● Input for this task:
*** Block opens ***

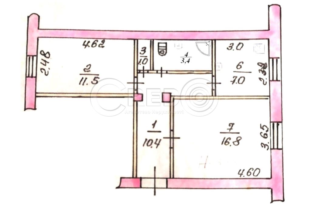 - кімнати: 16,8 + 11,5 м.кв.
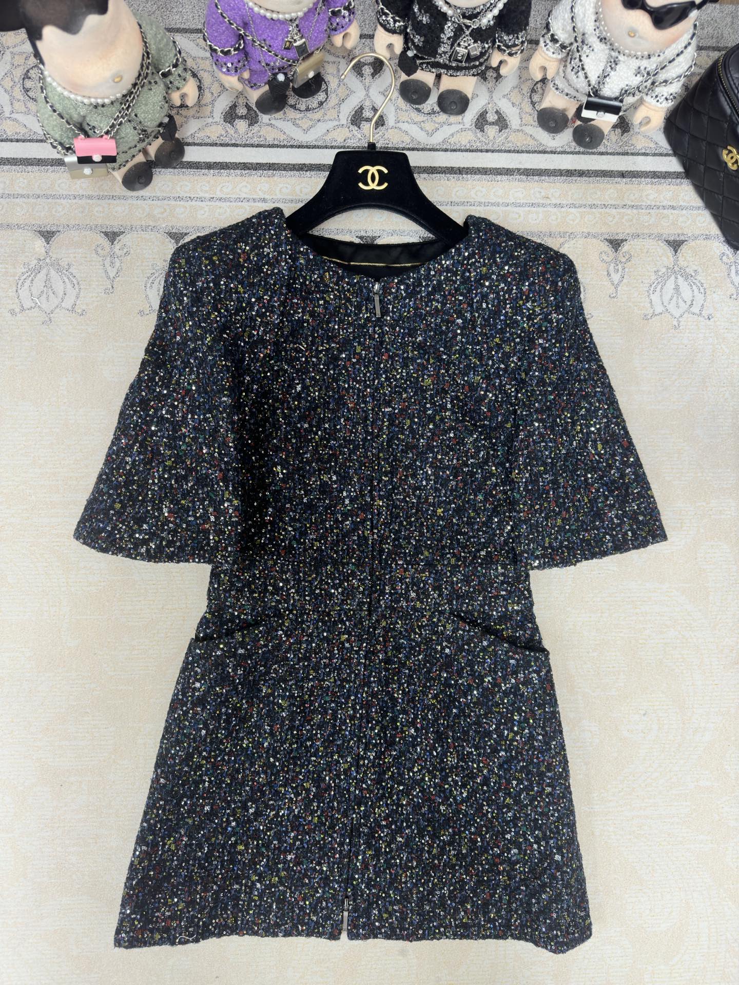 CC Tweed Short Sleeve Dress Multicolor Polyester Polyamide 251864
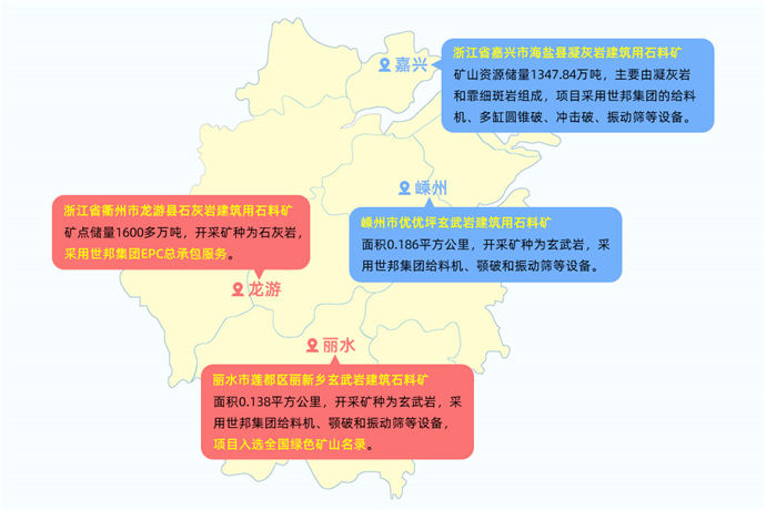 海新礦業(yè)采用世邦的給料機(jī)、多缸圓錐破、沖擊破、篩分等設(shè)備,項(xiàng)目投產(chǎn)后將為浙北地區(qū)交通、建筑等工程提供優(yōu)質(zhì)的砂石材料保障。
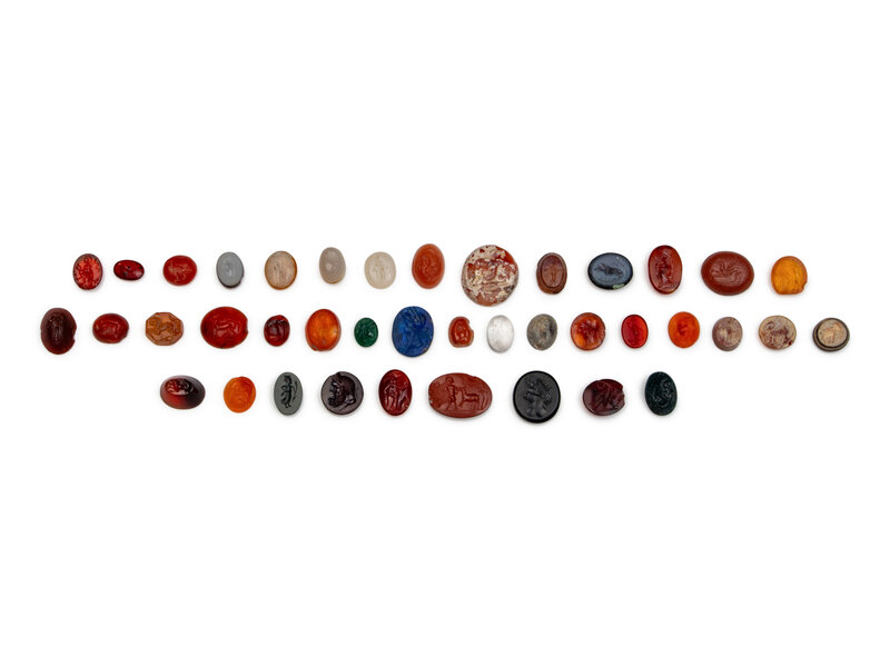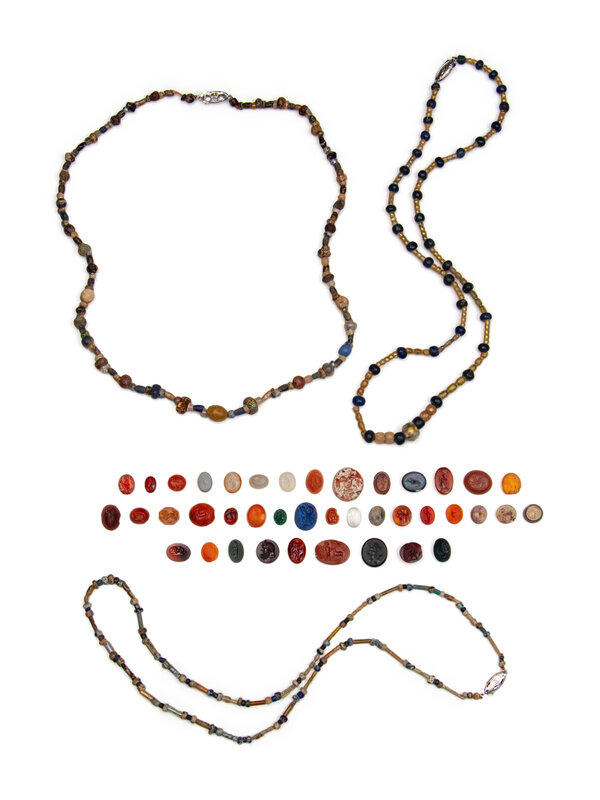 40 Greco-Roman and Persian Hardstone Intaglios and Three Bead Necklaces
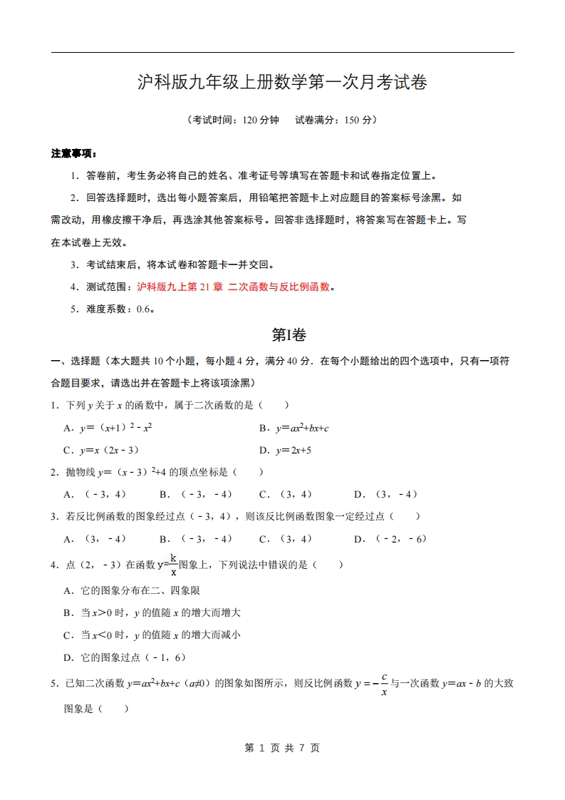 九年级(上)数学第一次月考卷2(沪科版)

*** Block closes ***

● Aim of the task:
For your answer, write out the data exactly and drop every picture.

● Solution for this exercise:
 - кімнати: 16,8 + 11,5 м.кв.
 CC Tweed Short Sleeve Dress Multicolor Polyester Polyamide 251864
 海新礦業(yè)采用世邦的給料機(jī)、多缸圓錐破、沖擊破、篩分等設(shè)備,項(xiàng)目投產(chǎn)后將為浙北地區(qū)交通、建筑等工程提供優(yōu)質(zhì)的砂石材料保障。
 40 Greco-Roman and Persian Hardstone Intaglios and Three Bead Necklaces
 九年级(上)数学第一次月考卷2(沪科版)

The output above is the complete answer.